So, only this is correct:
В Москве меня ждали (мой) муж и (моя) маленькая дочь)
В Москве меня ждали (моя) маленькая дочь и (мой)муж)


----------



## alexzzzz

wonlon said:


> "В Москве меня *ждал *мой муж и мой маленький сын - твой папа. Я очень любила их, скучала и хотела скорее вернуться в Москву."
> 
> Shouldn't *ждал *be in the plural?



 I would use plural, and consider the singular form here as a very doubtful choice.


----------



## e2-e4 X

Quite the opposite from my side.


----------



## alexzzzz

The singular form sounds to me as if the husband and the son were the same person.


----------



## Maroseika

One more applicable rule (par. 190, cl. 5):
Сказуемое ставится в *форме множественного числа*, независимо от своего местоположения, если оно обозначает *действие, совершаемое несколькими субъектами*, например: А вечером ко мне понагрянули и Черемницкий, и новый городничий Порохонцев (Лесков); В душе его боролись желание забыть теперь о несчастном брате и сознание того, что это будет дурно (Л. Толстой).


----------



## e2-e4 X

It's interesting that «В Москве меня *ждали *мой муж и мой маленький сын» sounds badly, while the same sentence with «ждал» does okey (to me). I guess it's because the subject is of the same nature and its action is the same in the sentence, which is not true for the examples in the paragraph.

Rules can't cover just everything, true.


----------



## Maroseika

e2-e4 X said:


> It's interesting that «В Москве меня *ждали *мой муж и мой маленький сын» sounds badly, while the same sentence with «ждал» does okey (to me). I guess it's because the subject is of the same nature and its action is the same in the sentence, which is not true for the examples in the paragraph.
> 
> Rules can't cover just everything, true.



Fortunately, in the present case it does cover. 
Actually, when the nouns are of the same gender, both Singular and Plral verbs are possible. But there is a nuance, which seems to me quite evident: Plural presumes common action (they waited for me together), Singular - separate action (В Москве его ждал теплый прием друзей и старый должок).


----------



## Garbuz

Однозначно, согласование во множ. числе.
В Москве ее ждали муж и сын / муж и дочь / дочь и сын / муж и дети  и т.д.

 Это в английском есть так наз. proximity rule when the verb is adjusted to the nearest noun: There is a book and a few pencils on the desk.


----------



## e2-e4 X

e2-e4 X said:


> It's interesting that «В Москве меня *ждали *мой муж и мой маленький сын» sounds badly, while the same sentence with «ждал» does okey (to me). I guess it's because the subject is of the same nature and its action is the same in the sentence, which is not true for the examples in the paragraph.

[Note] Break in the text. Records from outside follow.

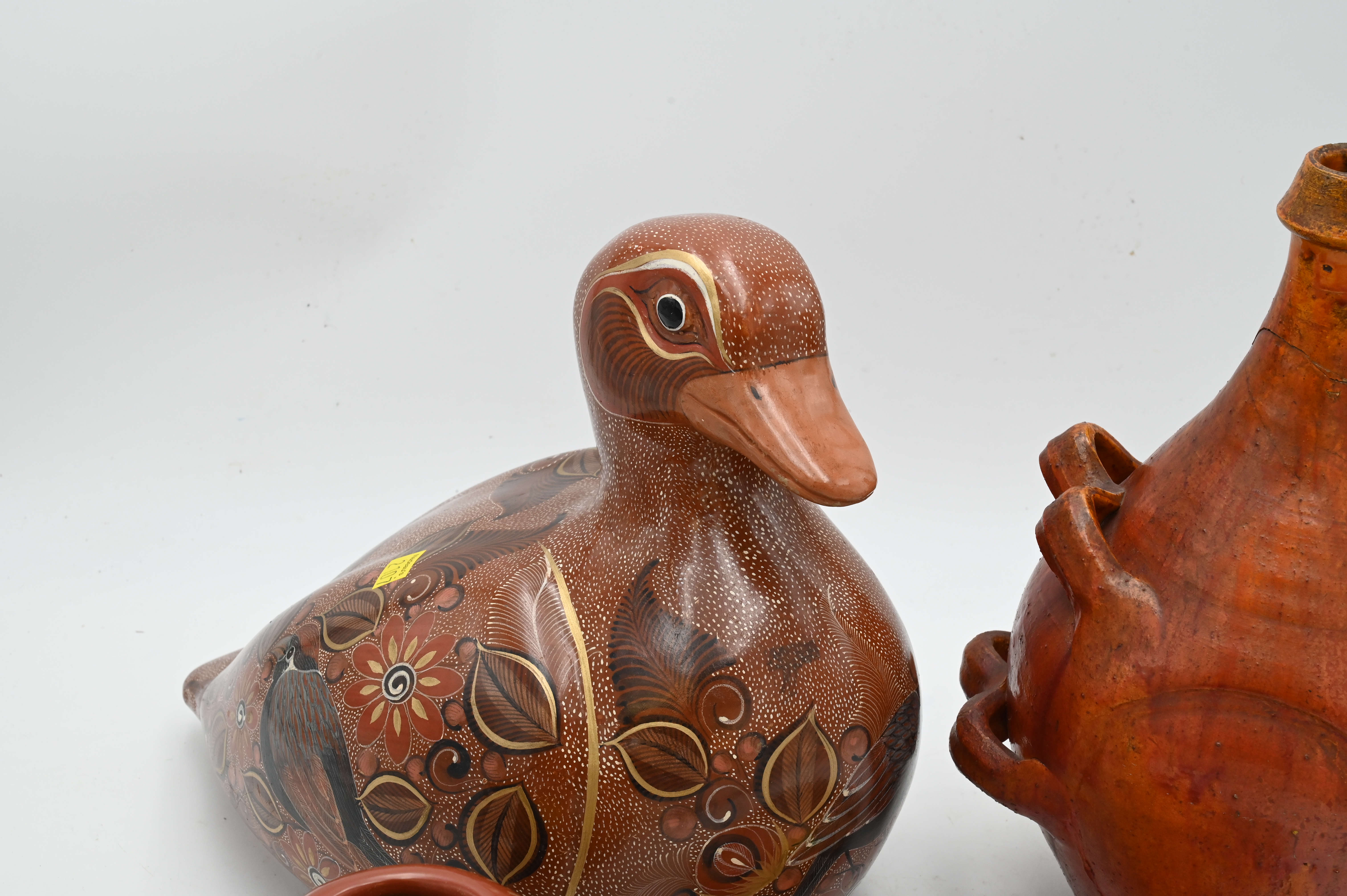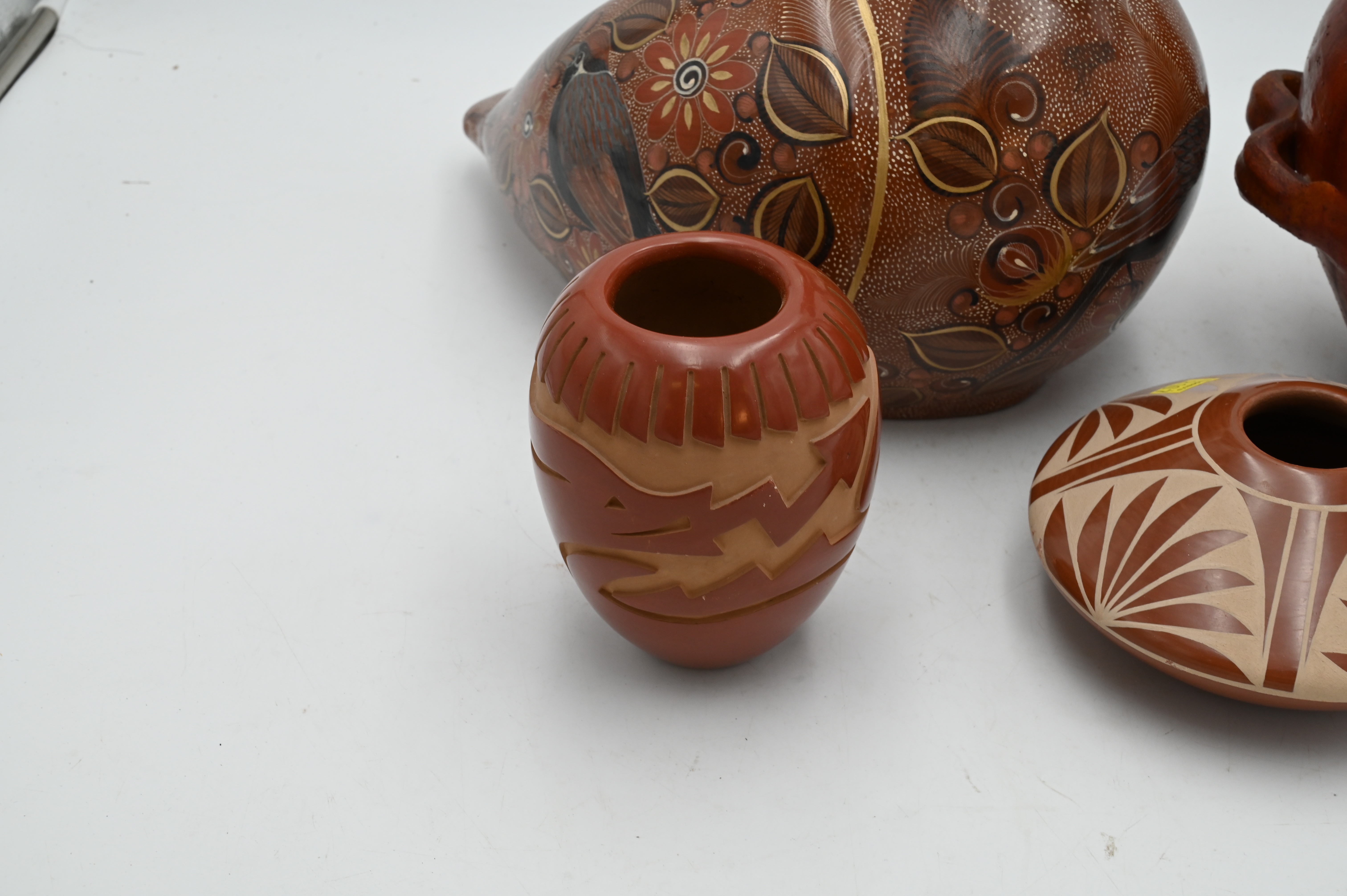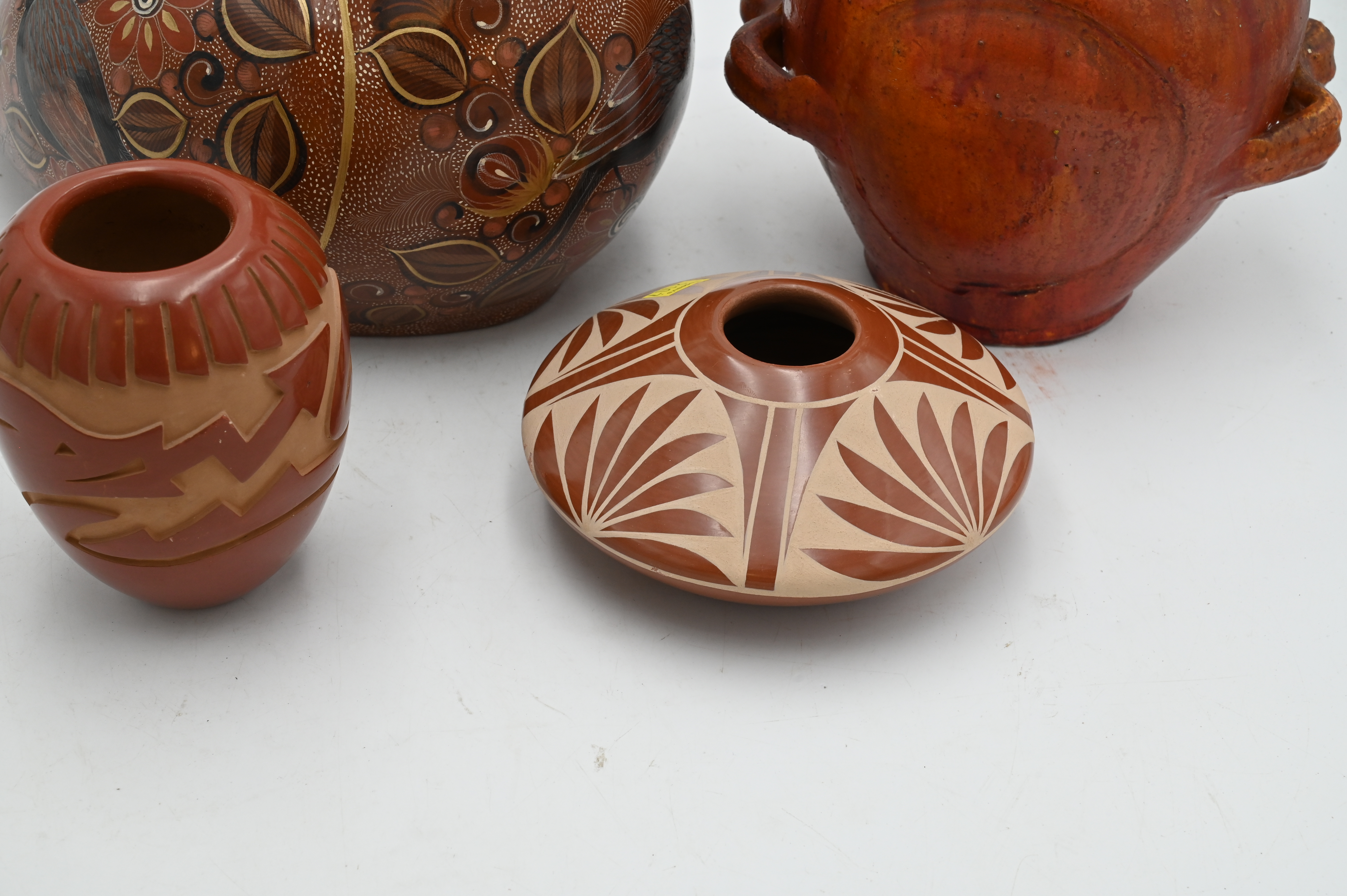 Four Piece Native American Ceramic Grouping, to include two pueblo redware pots, one squat signed Doug & Charlotte Vigil, the other signed by Ethel Vigil, a ceramic duck sculpture having ornate design, along with a red glazed amphora, height 14 inches.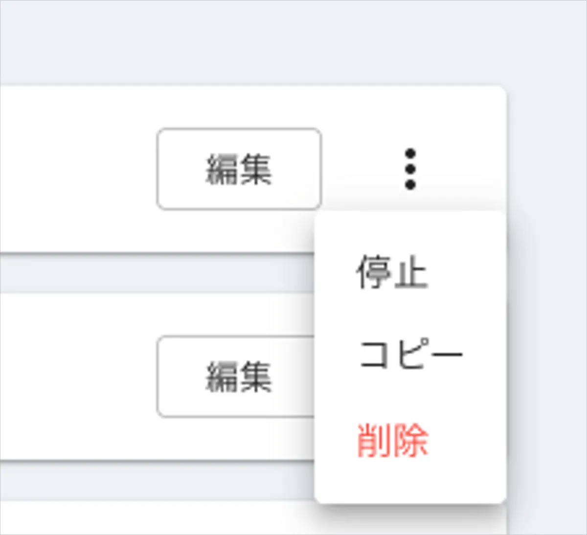 - 作成したルールは右端のメニューから停止(無効化)、コピー、削除、編集を行うことができます。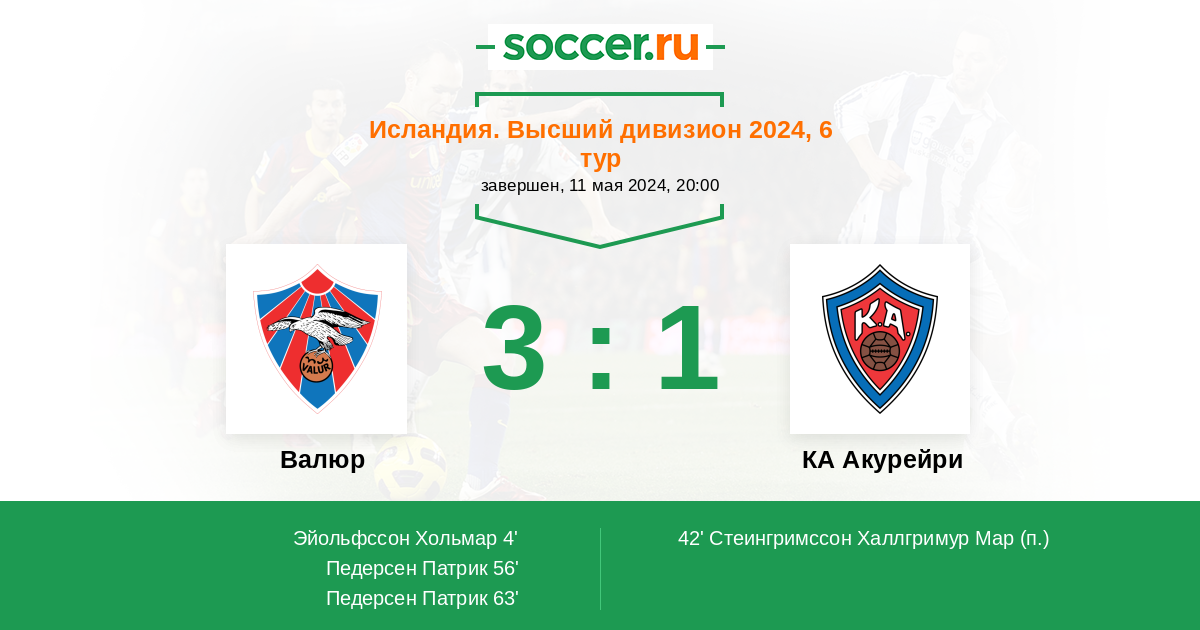 Валюр - КА Акурейри: обзор матча 11 мая 2024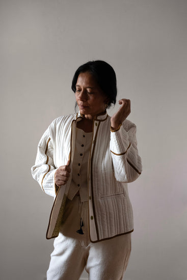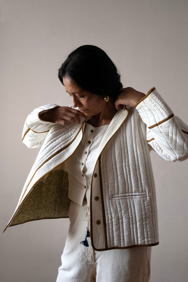 The Shirish jacket is made with luxurious handloom mulberry silk and has a contrasting piping of brown modal silk. The body of the jacket is lined with handloom cotton that has the Serai signature rice grain kantha embroidery in a lemony green colour.

I came to think it's not as badly as I thought, not bad at all. Sorry.


Maroseika said:


> Actually, when the nouns are of the same gender, both Singular and Plral verbs are possible. But there is a nuance, which seems to me quite evident: Plural presumes common action (they waited for me together), Singular - separate action (В Москве его ждал теплый прием друзей и старый должок).


Yes. In fact, I'd agree with the analysis of *covar*.


----------